Black Desert Resort Golf Course in Utah is breaking new ground in all senses of the word this week with its hosting of the PGA Tour’s first event in the state for over 60 years.
The staging of the inaugural Black Desert Championship (October 9-13), which is part of the Fall Series, is also notable as being the first time that a PGA Tour event is being held on a course that uses automated mowers to cut its fairways.
A group of four electric Autonomous Mowing Platforms, which were supplied by Salt Lake City-based agricultural machinery company FireFly, take four hours to mow all 18 fairways on the 7,371-yard, 71-par course.
Each of the five-gang mowers is 2.4m wide and has four independent motors with a rechargeable battery pack that can operate for five hours on a single charge. The AMPs are sent out at night, beginning their shift at 2am, leaving the human workforce free to focus on maintaining the greens, tees and surrounds later on in the day.
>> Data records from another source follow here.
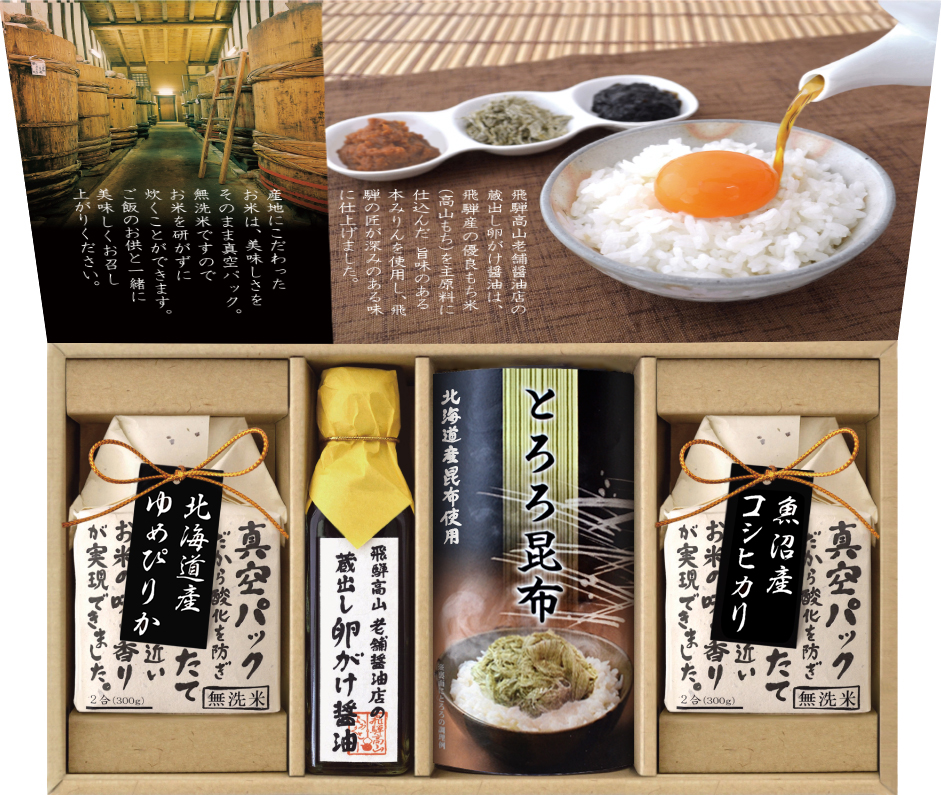 真空パックだから酸化を防ぎ、新鮮つきたてそのままに近いお米のギフトです。魚沼産のコシヒカリと、卵がけご飯にぴったりの北海道産のゆめぴりかをセット。また、飛騨高山のお醤油に、飛騨産の優良もち米(高山もち)を主原料に、伝統の技で仕込んだ旨みのある本みりんと合わせた、美味しい卵がけ醤油も入っています。
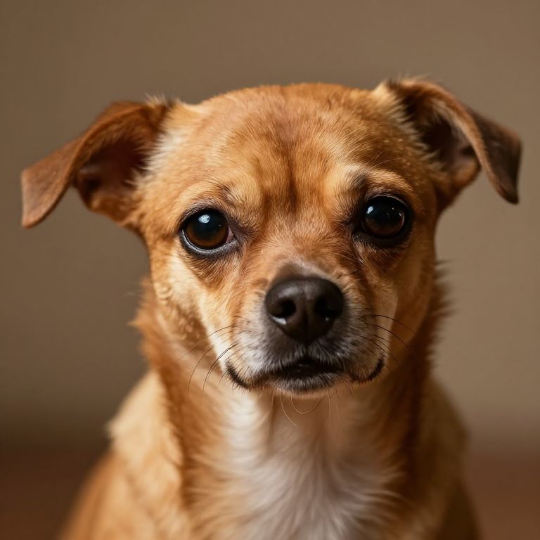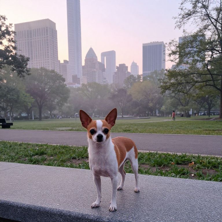 Photograph of a brown and white Chihuahua standing on a concrete ledge in a city park, with skyscrapers and trees in the mist
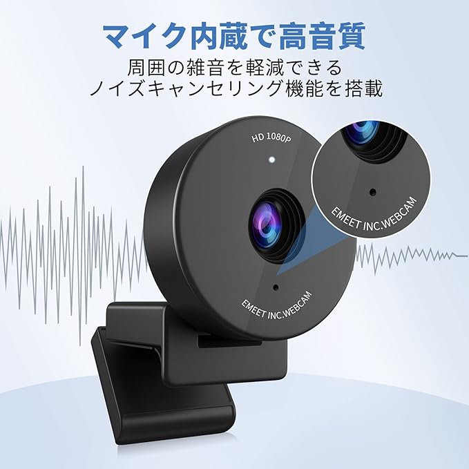 【内蔵マイクによる高音質】EMEET C950 webカメラ マイク付きは全方向マイクを搭載し、どの角度からも明確に収音できます。また、web カメラのマイクはノイズキャンセリング機能も揃い、通話中に雑音を抑えられ、自然かつクリアな音声を相手に届けられます。
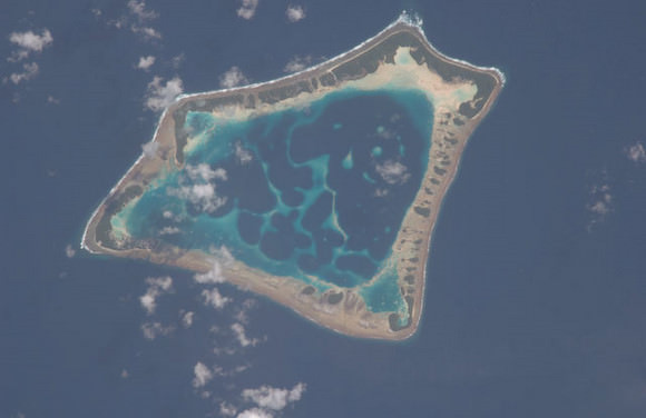 This is the Atafu Atoll in the Southern Pacific Ocean. The image was taken by an ISS crew member from Expedition 18 crewmember. on the International Space Station. The ring-like shape of the atoll is the result of coral reefs building up around a former volcanic island. Over geologic time, the central volcano has subsided beneath the water surface, leaving the fringing reefs and a central lagoon that contains submerged coral reefs. Erosion and soil development on the surfaces of the exposed fringing reefs has lead to formation of tan to light brown beach deposits (southern and western sides of the atoll) and green vegetation cover (northern and eastern sides of the atoll).
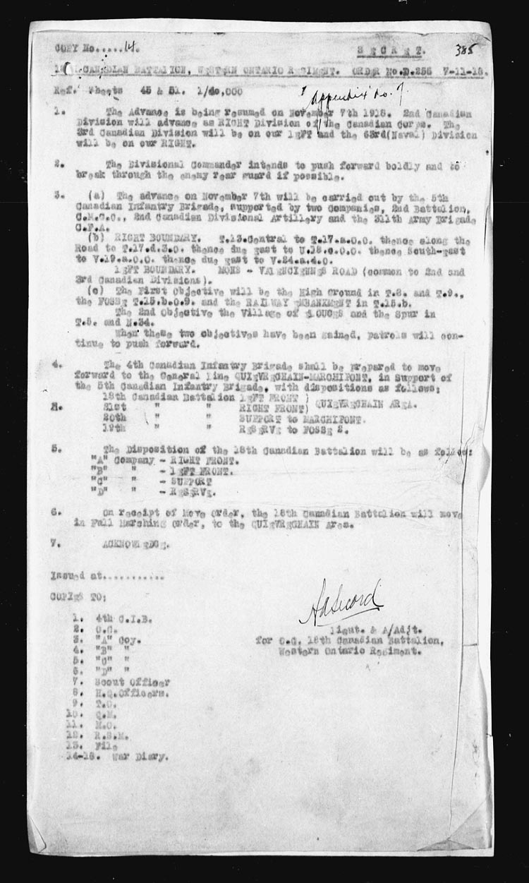 J.2-04.85 VALENCIENNES 12. | 9 | The Battalion moved off in Fighting Order at dawn over jumped over the 25th Canadian Battalion between ELOUGES and WASMES and met no opposition as they moved along to FRAMERIERES where Battalion Hdqrs., was established. Rear details moved off at 10.00 hours and marched via DOUR – PETIT WASMES – PATURAGS to FRAMERIERES. The people along the route overjoyed to be free again, cheered the troops as they passed along, loading them down with flowers and victuals of all kinds. During the night the Battalion pushed forward and established a line of posts through NORCHAIN. 1 O.R. arrived as a reinforcement. 1 O.R. from hospital. | |

FireFly co-founder Steve Aposhian said: “It’s truly an honor to have been selected by Black Desert to maintain their fairways for such a prestigious event. It validates that the technology we have built into AMP will revolutionize the industry, while also highlighting that this is the only autonomous mower on the market currently capable of taking on such a task.”
He added: “Our machines allow groundskeepers to utilize their time better. They’re getting to do the jobs they otherwise wouldn’t be able to get to. And then ultimately the playability of the course improves.
“Utilizing FireFly’s QuickPlan software, the team was able to create mowing patterns for each fairway that perfectly align the striping direction for the entire course. Once created, the cloud-based mowing patterns can be utilized by all AMP mowers to ensure that the stripes are in the exact same place every day. This kind of precision, which would be extremely difficult to achieve with manual mowers, is made possible through AMP’s GPS guidance and its ability to consistently mow straight lines, even at night — an invaluable asset for tournaments that require night-time mowing.”
Ken Yates, Black Desert’s superintendent, was initially sceptical about switching his traditional fairway mowing team for automated machines, but has quickly been won over. “I’m used to having one of guys sitting on a mower,” he said. “But these machines have proved that they can do it. And I’m comfortable with them. They’re doing a great job. Once they mapped the course it was really easy.”
Black Desert Resort opened less than two years and is one of the last design projects that the late Tom Weiskopf had a hand in before his death in August 2022.